SQL PASS Summit–Day 2

Day 2, Thursday, started off with a keynote from David DeWitt on cloud data warehousing, scalable storage and scalable compute. This set my theme for the majority of the day – which turned out to be big data tech.   My first session was with James Rowland-Jones and Kevin Ngo on sizing Azure SQL Data Warehouse for proposals – essentially answering “how much is this going to cost me?”. There are various factors to consider, which I will blog on separately. I’ve already briefly fed back to members of the team and they’re excited to know what I learnt in more detail.   My second session was about best practices for Big BI which, unfortunately, ended up being a sales pitch and I came away having felt that I’ve didn’t learn anything. There’s a lot of promise for BI in the big data space, so watch this space as we explore Azure SQL Data Warehouse, Azure Data Lake (Store and Analytics), and other big data technology for BI.   The third session was with Michael Rys on Tuning and Optimising U-SQL Queries for Maximum Performance. It was a full on session, learnt loads and took loads of notes. I need time to digest this information as Michael covered off a very complex topic, very quickly. I will, however, be blogging on it in due course.   After an intense third session, I chose a less intense session for the last session of the day: a Q&A with the SQL Engineering team. This was a great opportunity to learn from other users how they’re using SQL. Most users who asked questions were wanting to know about indexing, backups and High Availability.   Tonight – packing, and networking before the last day of PASS tomorrow!

SQL PASS Summit–Day 1

Day 1, Wednesday, technically started on Tuesday with a newbies speed networking event in which we had to rotate through a crowd of 10 other people - introducing ourselves and asking questions about our professional lives. This was awkward to begin with but, as the evening wore on, introducing ourselves to strangers became a lot easier and more normal. We then moved on to the Welcome Reception and then a #SQLKaraoke event. Great opportunities to meet new people from different areas of the world and parts of the community. Wednesday morning proper, began with a keynote from Joseph Sirosh.
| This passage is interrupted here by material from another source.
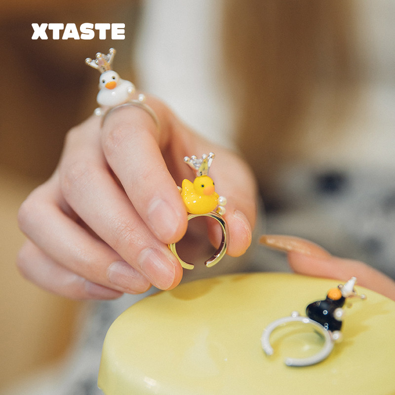 XTASTE FWISH飞未夕 珍珠公主鸭珐琅戒指开口设计原创可爱女生款
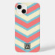Vackra mjuka anpassningsbar med ett mesmeriserande chevron mönster i en fängslande blandning av pastellorange/lax/koral, beige och cyan färg. Denna nostalgiska utformning utstrålar en känsla av roligt, återtro och ungdomlig exuberans, skapar den som ett perfekt medbrottsling för alla som kärlek fet påstående och unikt stil. Anpassa fodral med ditt monogram i ett snyggt- och contemporary-teckensnitt och skapa ett äkta tillbehör som återspeglar din individualitet och oklanderliga smak. Oavsett om du är en trendsättare, på modet, eller bara söker efter ett sätt att tillföra en färgstark retro till ditt vardagsliv, är fodral i anpassningsbar säker på att höja stil och göra ett bestående intryck. För alla Apple iPhone-modeller och vissa Samsung Galaxy smartphone-telefoner.

This keynote from Joseph essentially set the tone and theme for a large part of the conference sessions - Azure, Big Data and the Cortana Intelligence Suite. The first session I attended was on Design Patterns for Azure SQL Database (for which a separate blog will be forthcoming). The next session I attended was about incorporating Azure Data Lake Analytics into a BI environment (again, another blog is in the pipeline). My final session of the day was Going Under the Hood with Azure Data Lake. This was the most insightful session of the day, which has subsequently sparked my brain into Data Lake mode (expect many blogs on this), and went through how Azure Data Lake works as well as how the U-SQL language works and resources are allocated. Tonight - more networking. So far, the community has been so welcoming and I’m very much looking forward to tomorrow where I’ll be learning about Big Data solutions and best practices. I’m also looking forward to sharing all my experiences and learning's with my colleagues and wider SQL Community.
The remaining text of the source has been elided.